12.17.14 The routine is comfortably the same this time of year. I’m up by 6 a.m. and step out the pantry door while my coffee drips into the cup. The kitties always greet me for a neck scratch and then we walk out from under the porch roof to look up for stars. The Big Dipper is just over the roof to the north, and the Long Night Moon is still a bright waning crescent in the East. I know that Jupiter would be visible if the hillside wasn’t in the way, and I know there is a meteor shower right now, but it’s cold, and as soon as I hear the final click of the espresso machine, I go back inside.
Then, it’s to my laptop, on the table in the breakfast nook, where the terrace Christmas tree has turned on by its timer out the window. Most of my adult life, I would have been out the door for a run by now, rushing back for children and work. Now, I often consider how much time I “waste” in the dark winter mornings, here in the north woods, waiting for it to be light enough to go out for a run somewhere nearby, and truly begin my day. I could be doing laundry and housecleaning, at the very least, still in my jammies, in this early morning darkness.
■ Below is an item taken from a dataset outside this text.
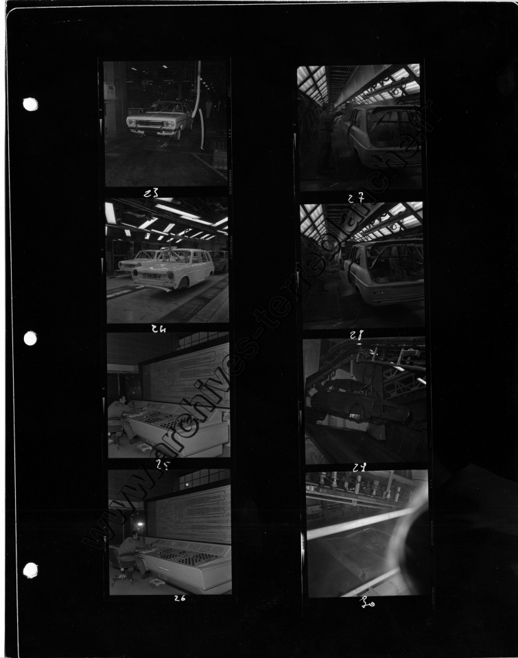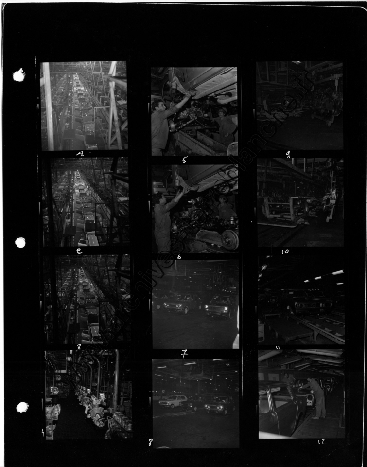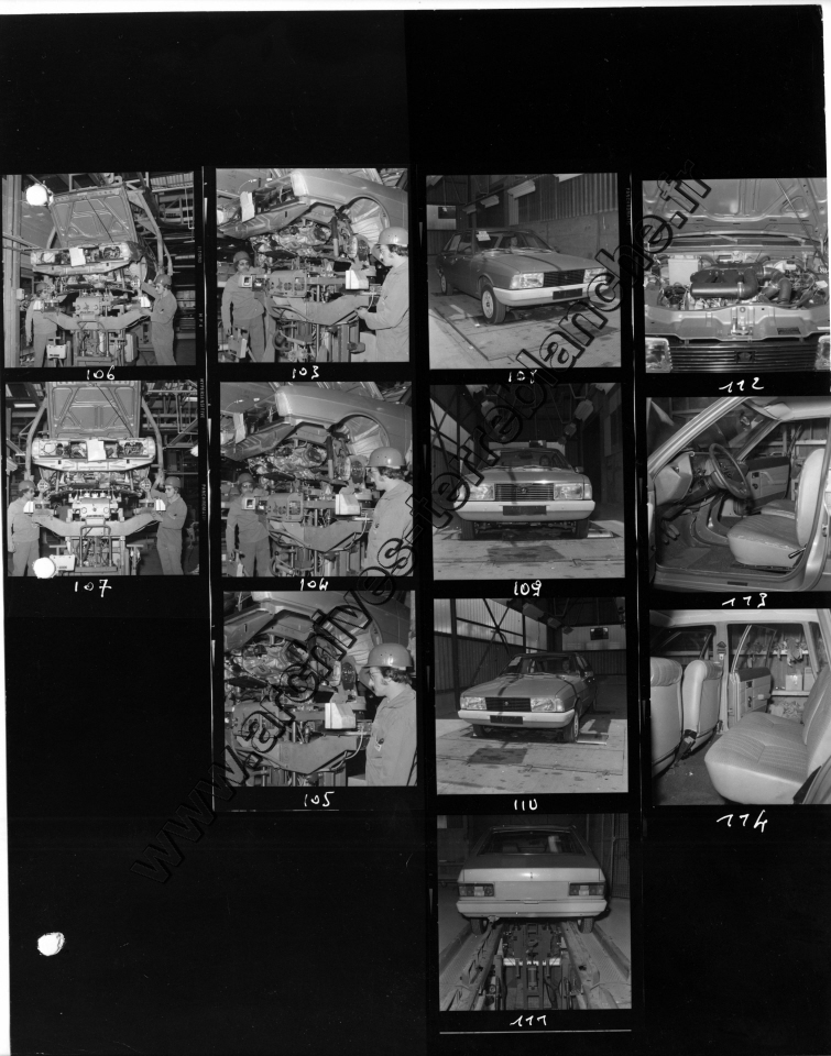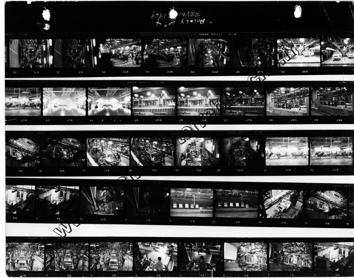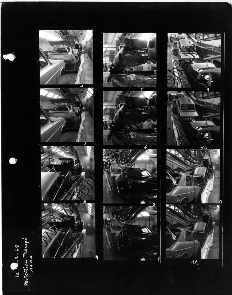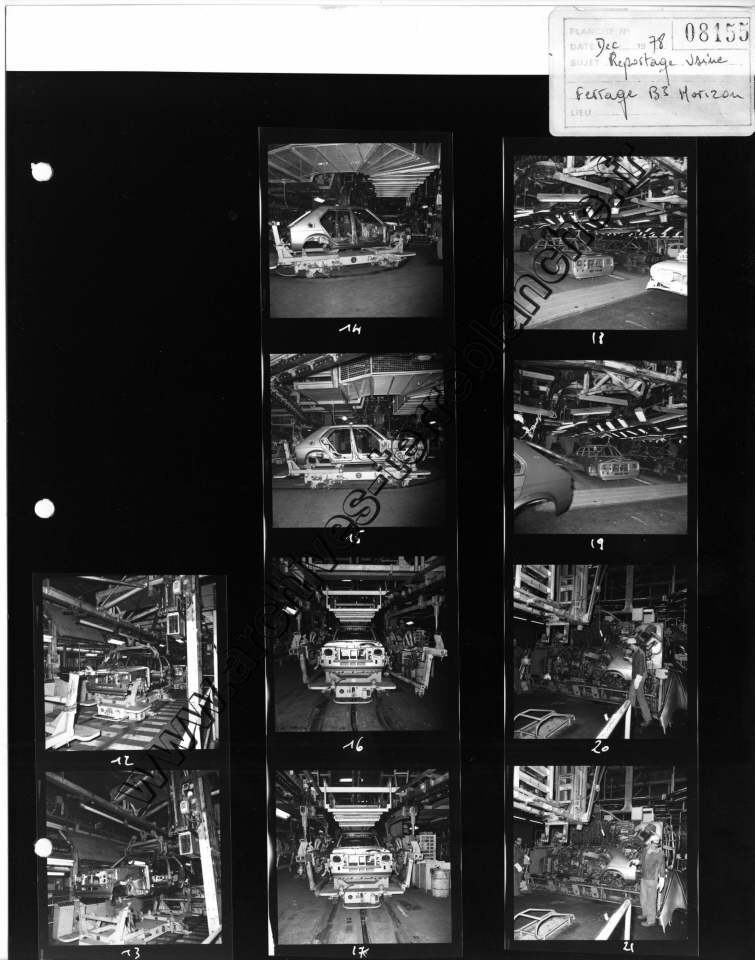 Chrysler France.- Processus de fabrication. 1000000ème Simca 1000, protection trempé mi-caisse, ligne peinture, ferrage, montage (Chrysler 180) , pistolage laque, retouche peinture bout d'usine, bondérisation, phosphatation (Simca 1000) (Poissy, Tours)

I have an older friend in my Women’s Creative Group who says she likes to read in the early morning dark, and finds it helps her “cross over from sleep to being awake.” I’ve thought about her comment, and how it can be a very deliberate action to make that cross-over each day. The New York Times comes up as my home page, and I know I need that coffee-under-the-stars moment to prepare for the headlines. Usually, it’s the first place I read. But, not in the Winter. Instead, I check to see if there are emails from loved ones or Facebook posts that came in after I went to bed. Then, I read the poem for the day on several different poetry sites. And, I have a half-dozen photography blogs, with tags lines like, “a place for things which make my heart beat faster”, and stunningly beautiful photos of the season, from all over the world, pop up on my screen. Next, there’s a young woman in New York, who is dying from cancer, and I check in at her blog to see how she is doing. There’s a woman in Portland, who adopted a baby girl awhile back, and her photographs and words always shine dazzling light into the darkness. And, there’s an older lady in Connecticut, who lives alone in a cottage with her dog and cat, and I find that her independence somehow inspires me.
Before I know it, a few hours have flown by, and I can see blue light out my window. I know it’s time to get on with my day. On the best mornings, I feel like it was a good cross-over.